Tendo City

Full Version: Rare Replay Medley
You're currently viewing a stripped down version of our content. View the full version with proper formatting.


It's pretty sad that this opening video in this collection is the best new content to come out of Rare in all too many years.
I guess that is sad, sure, but the song is pretty great! I like it. The game Rare is working on now could be good, too. We'll see.
I do too, hence why I said "best".

I've enjoyed what's in the collection, but it's the absences that are really notable. Now, I knew that Goldeneye, Battletoads & Double Dragon, Star Fox Adventures, and any of Rare's Donkey Kong games weren't going to show up here for licensing reasons. I also had a pretty good suspicion that their portable games weren't going to make it in either. However, I do wish the XBox remake of Conker had made it in, as well as Battletoads in Battlemaniacs.

There's some neat features here for the older games (that is, anything that isn't a redownload of a 360 game through the interface, such as the 360 port of Banjo Kazooie). They've put some "Retro Remix" style challenges in for each of the older games, cashing in on Nintendo's "old but new" series. They've got a CRT screen filter in there. Blending the pixels in a "natural" way works great for certain older games (where the artwork was clearly designed with that blur in mind), though I don't really like the "curved screen" distortion effect, which is pretty severe. I wish I could activate one without the other. There's also a number of "cheats" for every game. What's left of Rare is basically admitting "yeah, those games were way too hard". All the older games have a "rewind" option now, which is exactly what it sounds like. Since a LOT of programming logic is not "reversible" (for example, 2 + 2 = 4, but so does 3 + 1, so if all you have in memory is the "4" there's no way to figure out from that alone how the 4 was made), the engine must be saving a history of memory states going back several seconds to fall back on during rewind. They've also included other cheats such as "infinite lives" for Battletoads. (Though, I kinda already had that since I own a Game Genie.) Basically, modern gamers will, by and large, be beating Battletoads on a regular basis.

Arcade Battletoads is a surprisingly fun game, and FAR easier than the console versions. In the arcade, I'm sure it would have been seen as super hard, but since you don't actually need to spend money to hit "continue" on this version, you basically have not only infinite lives, but you spawn right where you died, so you can (and I did) just brute force your way through the entire game. It's hard to really see this as cheating, because technically any kid who brought in $40 worth of tokens could have done the same thing, using the power of "being rich" to beat the game.

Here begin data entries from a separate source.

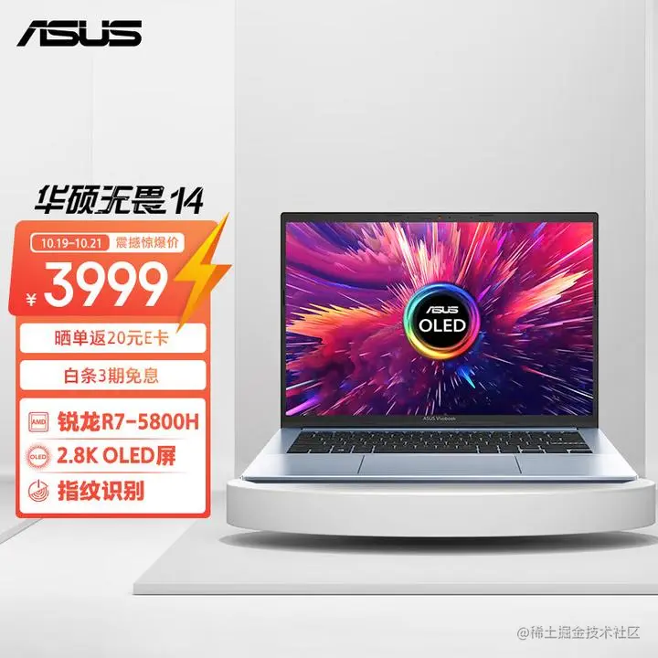 华硕无畏 14 OLED版 轻薄笔记本电脑(R7-5800H 16G 512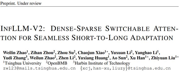 正是在这一背景下,清华大学刘知远团队提出了《InfLLM-V2: Dense-Sparse Switchable Attention for Seamless Short-to-Long Adaptation》。与以往强调“引入新结构”或“增加可训练模块”的路径不同,这项研究将关注点前移至一个更基础的问题:稀疏注意力是否必须以改变模型结构为代价,才能获得长上下文效率?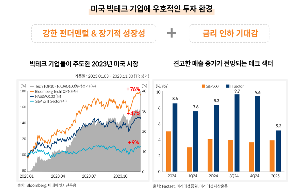미국 빅테크 기업들의 시장지배력이 더욱 강화되면서, 나스닥100 지수 내 TOP10 종목의 비중이 지속적으로 증가하고 있습니다. 나스닥100 지수는 2023년 7월 특별 리밸런싱을 진행했지만 여전히 TOP10 종목 비중은 50%에 육박하고 있습니다. 연초 이후 성과를 보면, TOP10의 수익률이 나스닥100 수익률을 크게 앞지르면서, 약 30%의 누적 초과 성과를 기록했습니다. 이러한 성과가 가능했던 이유는 무엇보다 빅테크 기업들이 강한 펀더멘털을 보유하고 있기 때문이기에 세계에 돈이 몰리고 있다고 생각합니다. 테크 섹터는 올해도 작년대비 낮은 이자 부담과 신성장동력인 AI를 발판 삼아 매출이 탄탄하게 증가할 것으로 전망되고 있습니다. 게다가 올해는 금리 인하 기대감까지 더해져 기술주/대형주 투자에 더욱 긍정적인 환경이 펼쳐지고 있는 상황입니다.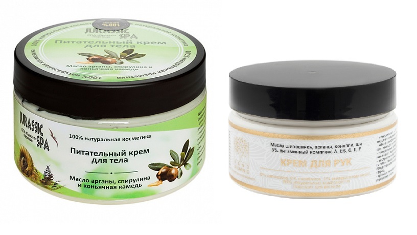1. Продукт Jurassic SPA - Эффективный крем для интенсивного ухода за сухой или раздраженной кожей тела, в том числе после загара. В отличие от стандартных кремов, которые увлажняют кожу за счет образо... Показать описаниевания пленки из силиконов и минеральных масел, этот 100% натуральный крем восстанавливает базальный слой кожи, обеспечивая ей природную защиту. - ценные растительные масла (конопля, карите, арганы и рисовых отрубей) интенсивно питают кожу, - спирулина, экстракты солодки, алоэ и пантенол снимают раздражения, - реликтовая соль и таурин стимулируют обновление клеток кожи, - коньячная камедь и натуральные пребиотики поддерживают полезную микрофлору кожи, восстанавливая ее естественную защиту. Способ применения: Нанести массирующими движениями на кожу тела, уделяя особое внимание сухим участкам. Состав: Вода очищенная, масла ши (карите), конопляное, кокосовое, рисовых отрубей, оливем (натуральный эмульгатор из оливкового масла), масло арганы, пантенол, пребиотики (лактитол, изомальт, сорбитол), экстракт гарцинии, экстракт алоэ, экстракт солодки, лечебная соль, таурин, коньячная камедь, композиция эфирных масел, молочная кислота, спирулина, шаромикс. 2. Продукт Nano Organic - Витамин Ф 3%, 10 масел, без силиконов и минеральных масел Комплекс вит. A, B5, C, E, F (5%) замедляют старение кожи рук и тела масла шиповника, арганы, конопли, ши, авокадо интенсивно питают натуральный пребиотик (2%) восстанавливает защитный барьер экстракты муира-пуамы, курильского чая и хвоща повышают упругость и предотвращают возрастную пигментацию ценные минералы морской рапы (2%) укрепляют ногти.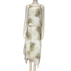 JACQUES RUC Boho Set Assymmetrical Skirt Cami Fairycore Green White sz 10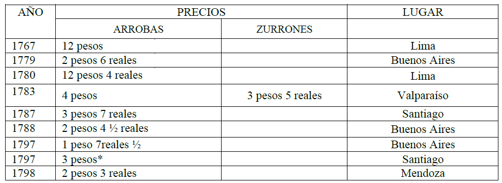 28 Años atrás, en 1737 y 1735, se había manifestado el alza en Buenos Aires a 28 reales y % la arroba, es decir, en la capital rioplatense alcanzó los 3.5 pesos.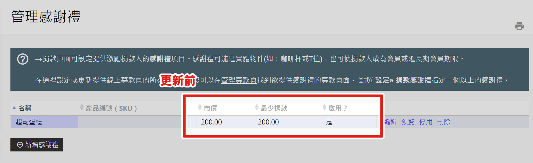 🔸 「感謝禮庫存管理」功能更新,捐款贈品不再「超賣」!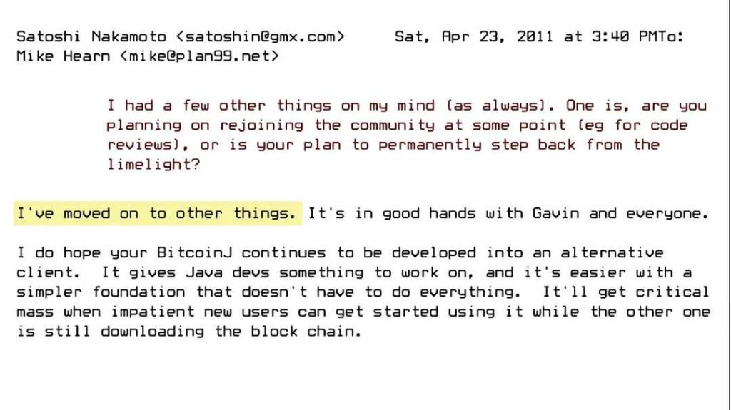 By April 2011, Satoshi’s absence is noticeable enough that Hearn reaches out to him privately, asking if he plans to return.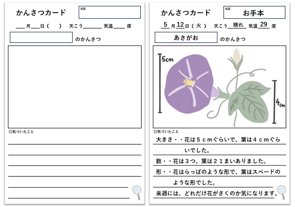 観察カードは、児童のスケッチの邪魔にならないようにあえてシンプルに。その分、指導しやすい編集できるお手本付き。
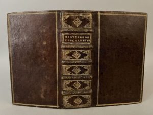 LARROQUE (Matthieu de). Histoire de l'eucharistie, divisée en trois parties, dont la première traitte de la forme de la célébration, la seconde de la doctrine, et la troisième du culte. A Amsterdam, chez D. Elsevier, 1671. In-12,[12] f., 900 p., [6] f., maroquin brun époque, dos à 5 nerfs, titre doré, caissons ornés, double filet doré bordant les plats, tranches mouchetées (qq. rouss. modérées).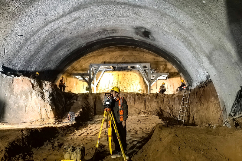 为应对突发地质风险,项目联合多单位团队组建了技术攻坚小组,通过预演山体开裂等风险,制定了刷方卸载、加密临时钢架横撑、加密监控量测和“短进尺、强支护、快封闭”等施工策略,实现了对隧道施工风险的精准预判与有效管控。同时针对冬季严寒的施工环境,项目对拌合站料仓、混凝土运输罐车等关键流程加装保温层和加热装置,确保混凝土温度符合规范要求,保障隧道结构的施工质量。此外,项目还应用了衬砌带模注浆施工工艺和隧道衬砌防脱空传感器系统,有效提升衬砌拱顶浇筑质量,实现浇筑过程数据实时监测。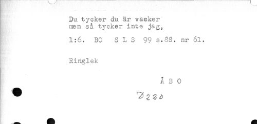 //// Du tycker du är vacker //// men så tycker inte jag, //// 1:6. BO S L S 99 s.3g. nr 61. //// Ringlek //// ABC //// _ ////

All in all, a pretty solid collection. The 360 redownloads are VERY well emulated. With the 360, the OS handled all the calls made by the game, which is a huge difference between this and older consoles where games directly addressed the hardware. As a result, emulation can be done in a very "Rosetta" way (those familiar with Apple's transition from PowerPC to x86 will recall that MS is now doing a very similar thing for their own transition). Basically, they just brought the 360 OS directly in, hardware handling layer and all, and just "tranlate" THOSE commands, since it's the OS that's ultimately making the hardware calls on modern consoles. That means not only MUCH faster emulation but far more accurate and "universal" emulation that applies to any game. To be clear, this isn't a "new" strategy (again, Apple did it when they did their hardware transition to make sure old PowerPC programs still worked), but it's a much better solution. Also, this solution won't work with anything older than last gen's consoles, because everything before that handed over direct control of hardware calls to the game code itself. It's just nice to see it working so effectively.